Bitter is the New Black by Jen Lancaster
During these tough economic times, it may be difficult for people to see humor in being unemployed. Jen Lancaster’s first published memoir, Bitter is the New Black, chronicles her career’s demise from on-the-fast-track to out-of-work loser-dom. Funny, sarcastic, and fully willing to be brutally honest about her narcissistic tendencies, Lancaster’s story is a quick read.
From the late 90’s to 2001, Lancaster worked in sales for a variety of companies in Chicago. Her work ethic is admirable, but she is very clear about her motivations for working so hard: shopping. She paints herself as a mouthy know-it-all who cares desperately about proving herself.
After September 11th, Lancaster is laid off and cannot find work. Her life quickly goes from fast-paced to pathetic. People who have recently been laid off may find her tales difficult to read, as she gets turned down job interview after interview, as she deals with Unemployment Office red tape, and as she gets evicted from her apartment. These accounts may ring too true for some readers.

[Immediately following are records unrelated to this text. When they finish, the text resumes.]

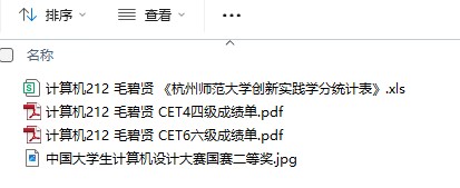 1、申报:每位同学建立一个以“班级+学号+姓名”命名的文件夹,将填写好的《成人视频 创新实践学分统计表》(附件1)放入其中,表中的每条记录都应附相应的佐证材料(如图所示)。除需要用创新创业类二类学分充抵专业课或通识课学分的同学外,每位同学此小类满足2分即可,无需多报。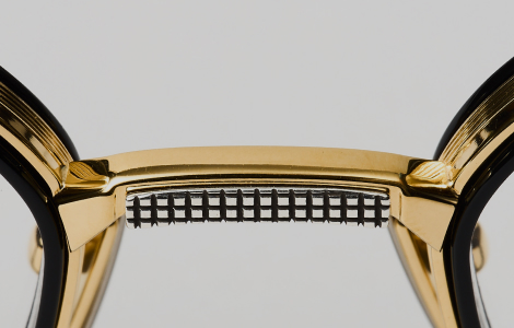 チタンシリーズの中でも人気のラウンドモデル「RADIO CITY」。18Kゴールドとチタンを直接つなぎ合わせるMASUNAGAならではの技術を駆使してつくりました。人を選ばずにかけやすく、洗練されたその佇まいこそ、特別といえる逸品。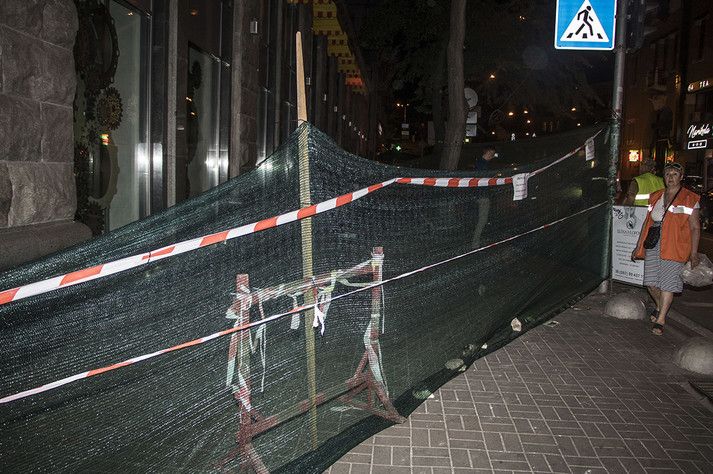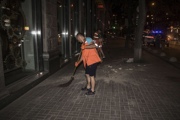 У вівторок, 19 червня, в центрі Києва на вулиці Хрещатик, 29 обвалився фасад будинку. Старі шматки бетону посипалися на тротуар і проїжджу частину між магазином Roshen і вареничною «Катюша».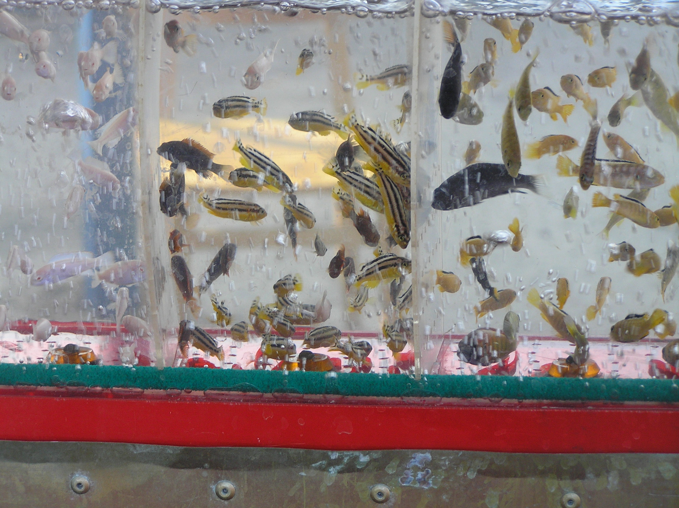 ...Но мой взгляд направляется дальше и в глубь рынка.И там вижу,что ,как и раньше стоят оквариумы,ширмы,а там тьма тьмущая рыбок.Пусть не так,как в былые годы,но все же нормально на первый взгляд.Делаю по рядам несколько проходов с виражами для поворотов.Как говорится,"иных уж нет,а кто далече".В то же время вижу,что кое- кто даже расширился,было по одной-две ширмы,а сейчс и поболее.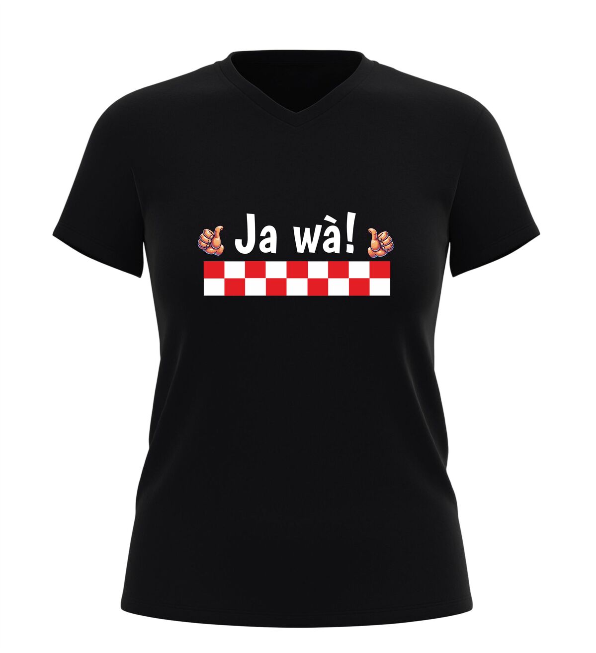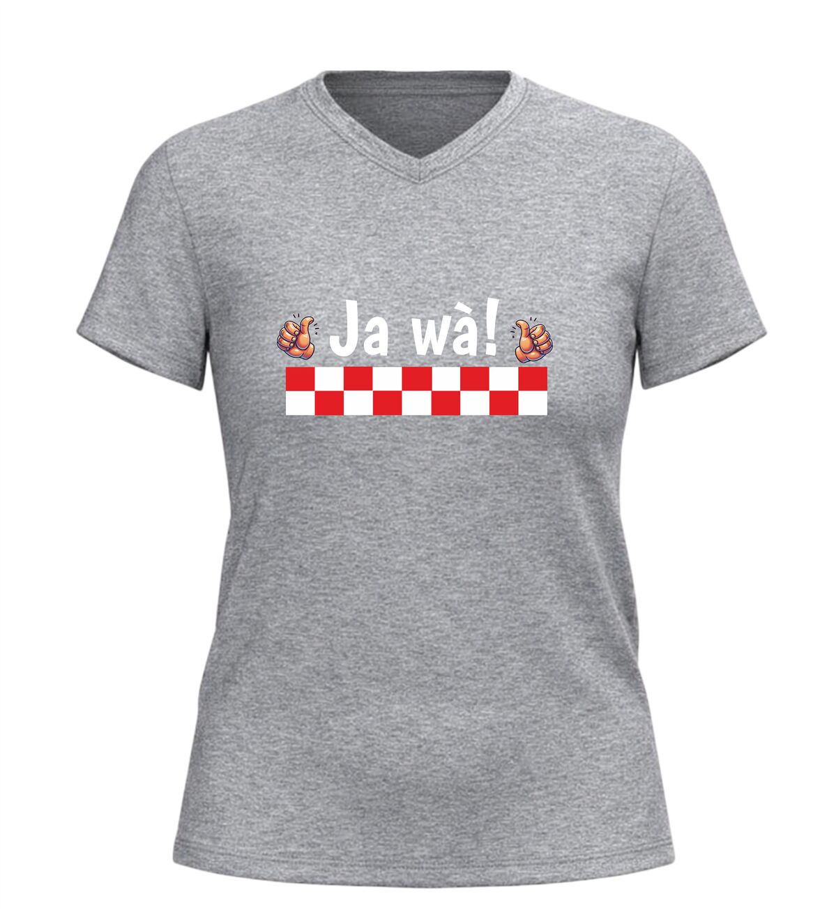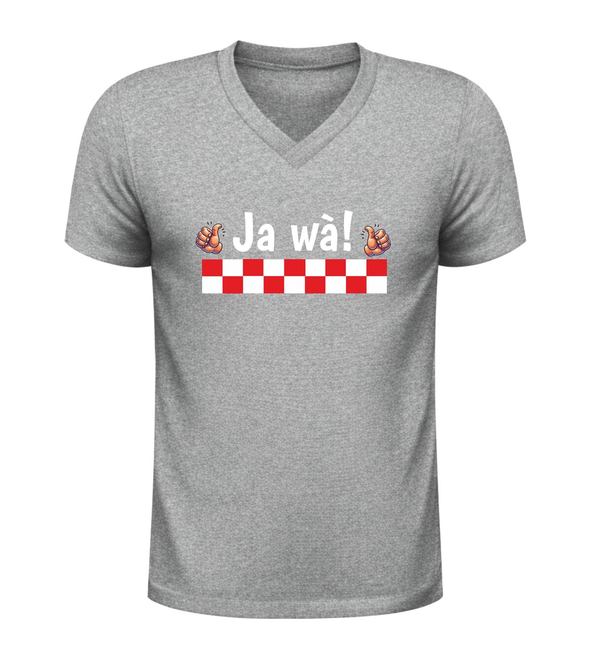 Dit V-hals T-shirt met de Brabantse tekst ja wa is hét perfecte shirt voor carnaval, feestjes en lange avonden vol gezelligheid. De herkenbare Brabantse uitspraak zorgt meteen voor sfeer en laat zien dat jij het feest niet te serieus neemt. Dankzij de comfortabele V-hals en de fijne pasvorm zit het shirt heerlijk, zelfs tijdens urenlang hossen, dansen en meezingen in de kroeg of feesttent. Met zijn eenvoudige maar opvallende design is dit Brabants V-hals shirt makkelijk te combineren met een jasje, sjaal of carnavalsaccessoires. Ben je op zoek naar een grappig en herkenbaar carnavals shirt met Brabantse tekst, dan is dit “Ja wa” T-shirt een echte must-have en ook een perfect cadeau voor iedere carnavalsliefhebber.

For readers able to laugh at the desperate side of things, this book may serve as exactly the right catharsis. Lancaster’s humor is continuous. Her ability to mock herself will remind readers of authors like David Sedaris and Sloan Cassidy. And, readers will be happy to know that even though she did not find another position in sales, she became a successful, published author.
Her book is filled with quirky additions, like her footnotes. They are the gems of the book. One will be reading along, see a footnote, go to the bottom of the page, and see a witty little rejoinder, most inappropriate for this review. Highly enjoyable. Also, her letters at the beginning of each chapter give readers funny little snapshots of her world and its decline.
Recommendation: Recommended for those gainfully employed or those job-challenged with thick skins.